Вечером они кормили гостей едой, на которую сами уже смотреть не могли: рыбой, икрой, крабами. Свеженцев прогнал Валеру от плиты, сам хозяйничал. За столом теснились, жевали, гости смеялись, охали. А когда Свеженцев выставил полную жаровню лососьих сердец и печени, жаренных с луком, а следом – противень с беловато-розовыми котлетищами и пояснил:
– Это я из крабов навертел, – гости не поняли, тихо спросили:
– Из чего?
– Так ведь из этих, из крабных ног. Но я сальца и луку добавил, так вкусней…
Гости растерялись и некоторое время не могли притронуться к странной еде. Рыбаки же пытались рассуждать о чем придется, но получалось по большей части несвязное мычание.
– Здесь, значит, уже были научники… – говорил Валера. – В начале путины… Но они так прошли… Чай попили, значит, и прошли… И были одни мужики.
– Они были орнитологи… – добавлял Витёк. И рыбаки опять замолкали, не имея на уме приличных междометий, способных скруглить изорванную речь. Стараясь быть чинными, аккуратно ели, не чувствуя вкуса.
– Да-да, орнитология – весьма интересная наука, – подхватывал профессор, но и сам замолкал, разламывая крабовую ногу, а потом добавлял с восторгом: – Замечательно, замечательно… – испытывая двойное удовольствие: от вкусной еды и оттого, что есть можно было вот так, по-простецки, сколько угодно – крабов и рыбу руками, икру ложкой из миски, что можно было заливать рукава брызжущим солоноватым крабовым соком, ковырять в зубах спичкой, отламывать хлеб большими кусками…

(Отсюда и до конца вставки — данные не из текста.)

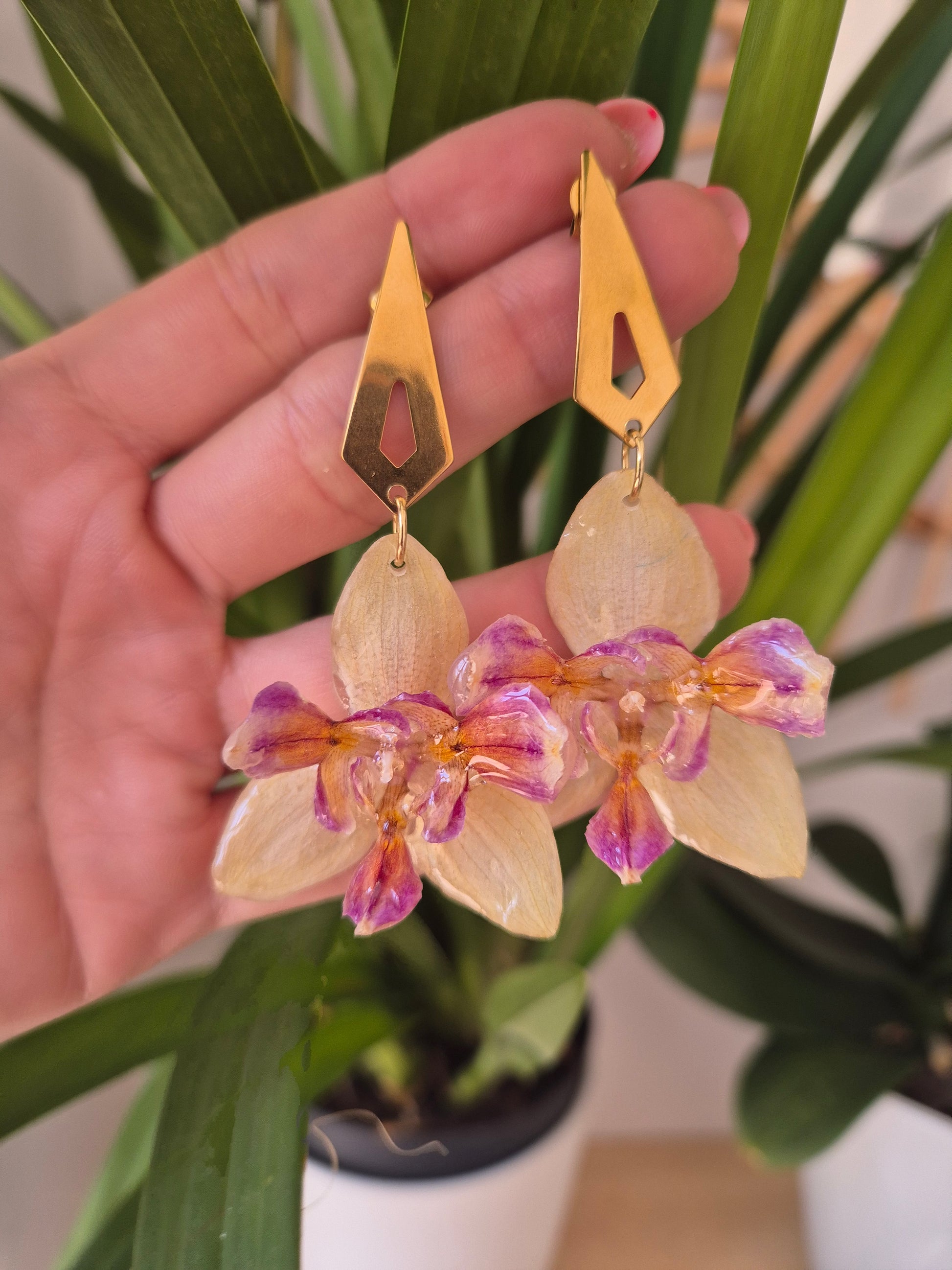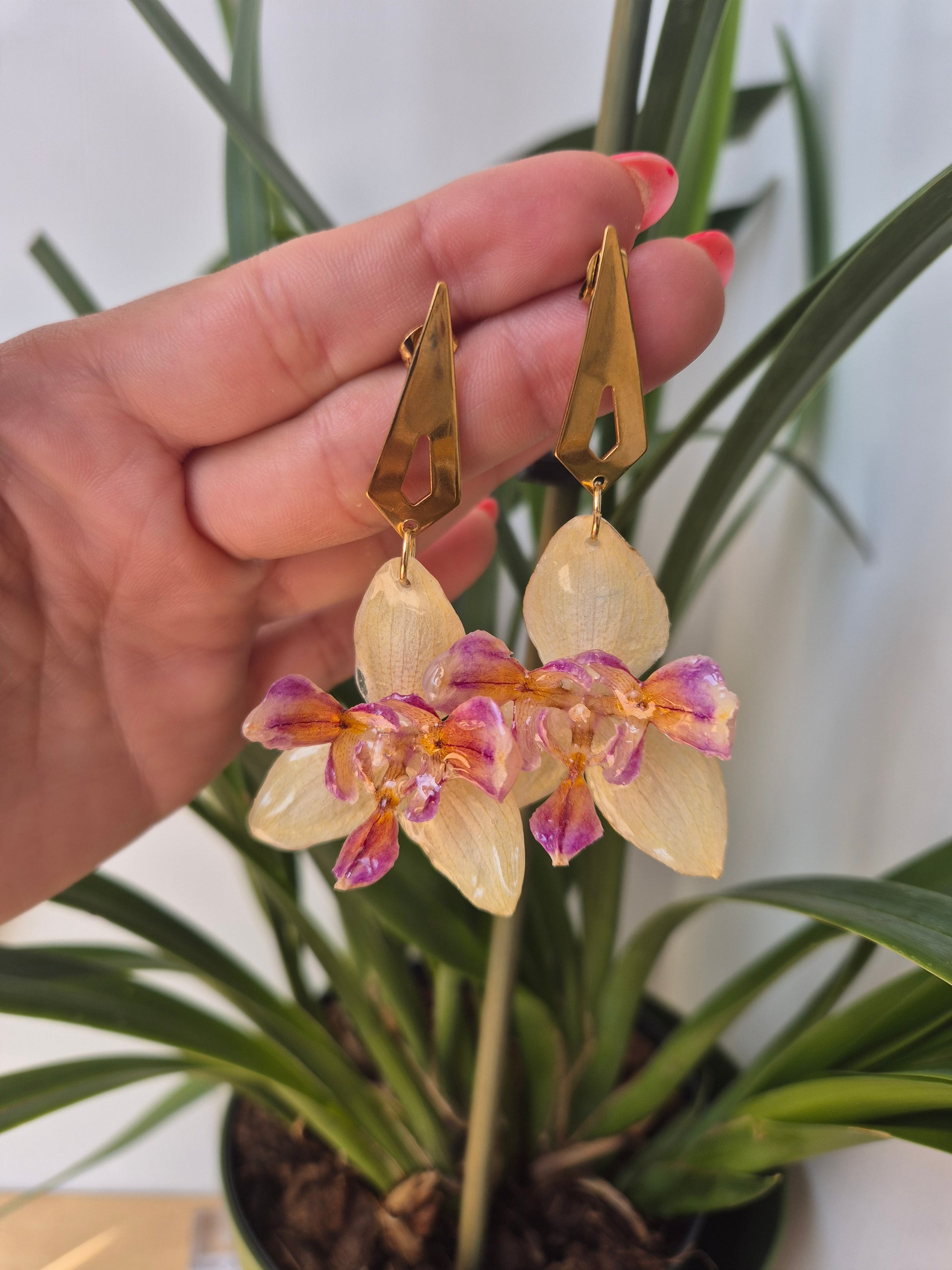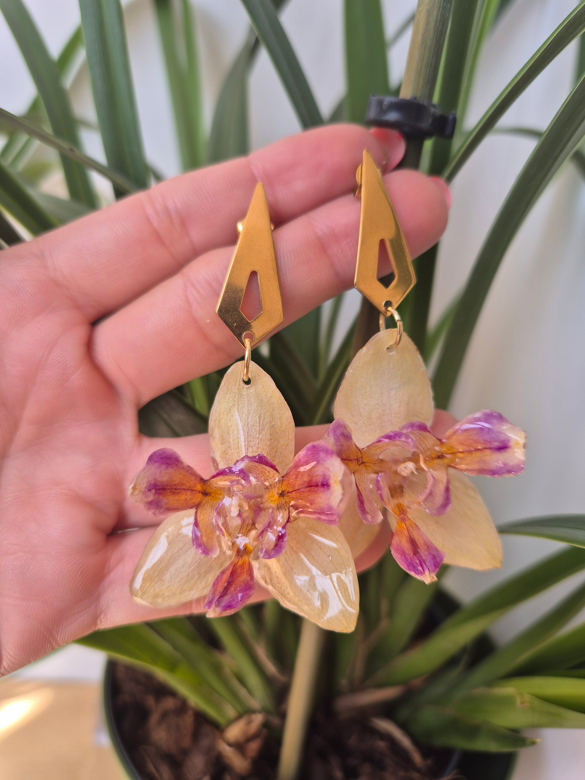 Pendientes orquidea Phalaenopsis Red Dragfly en tonos amarillos y rosados. Terminación gancho dorado.
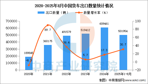 2025年1-8月中國貨車出口數(shù)據(jù)統(tǒng)計(jì)分析:出口量同比增長30.7%
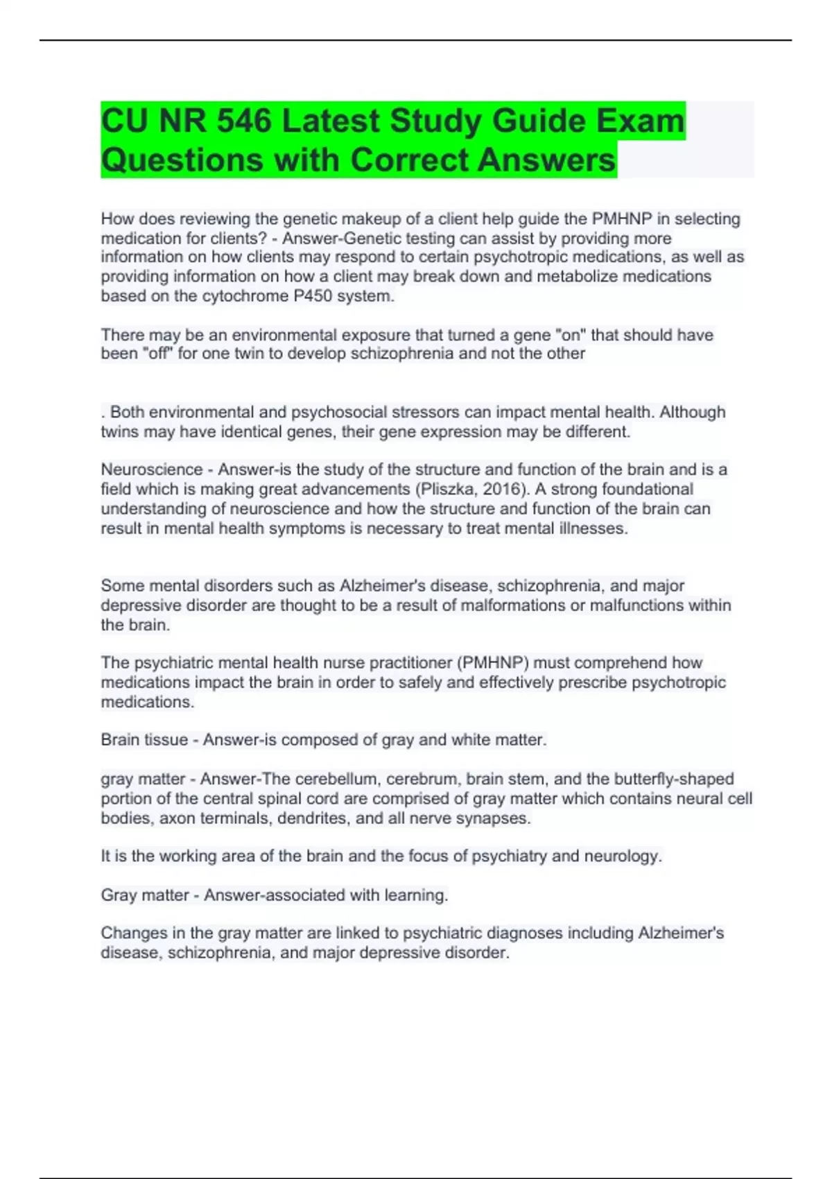 CU NR 546 Latest Study Guide Exam Questions with Correct Answers

Но на профессора рыбаки не обращали внимания, украдкой следили за женскими тонкими пальчиками, за губками, подвижными и мягкими, за дыханием, которое вздымало приятно выпуклые свитера. Обе дружно ухаживали за профессором, который ел много, не по возрасту и не по фигуре.
– А значит, оно так, – опять робко подал голос Валера. – А значит, есть у вас спиртец?
– Спирт? А как же… – Профессор кивнул заросшему щетиной помощнику, тот молча встал, подался к горе рюкзаков в углу. Но Бессонов остановил аспиранта, придержав за рукав:
– Спирт отменяется, – и по направлению к Валериному свернутому носу вытянул внушительный кулак.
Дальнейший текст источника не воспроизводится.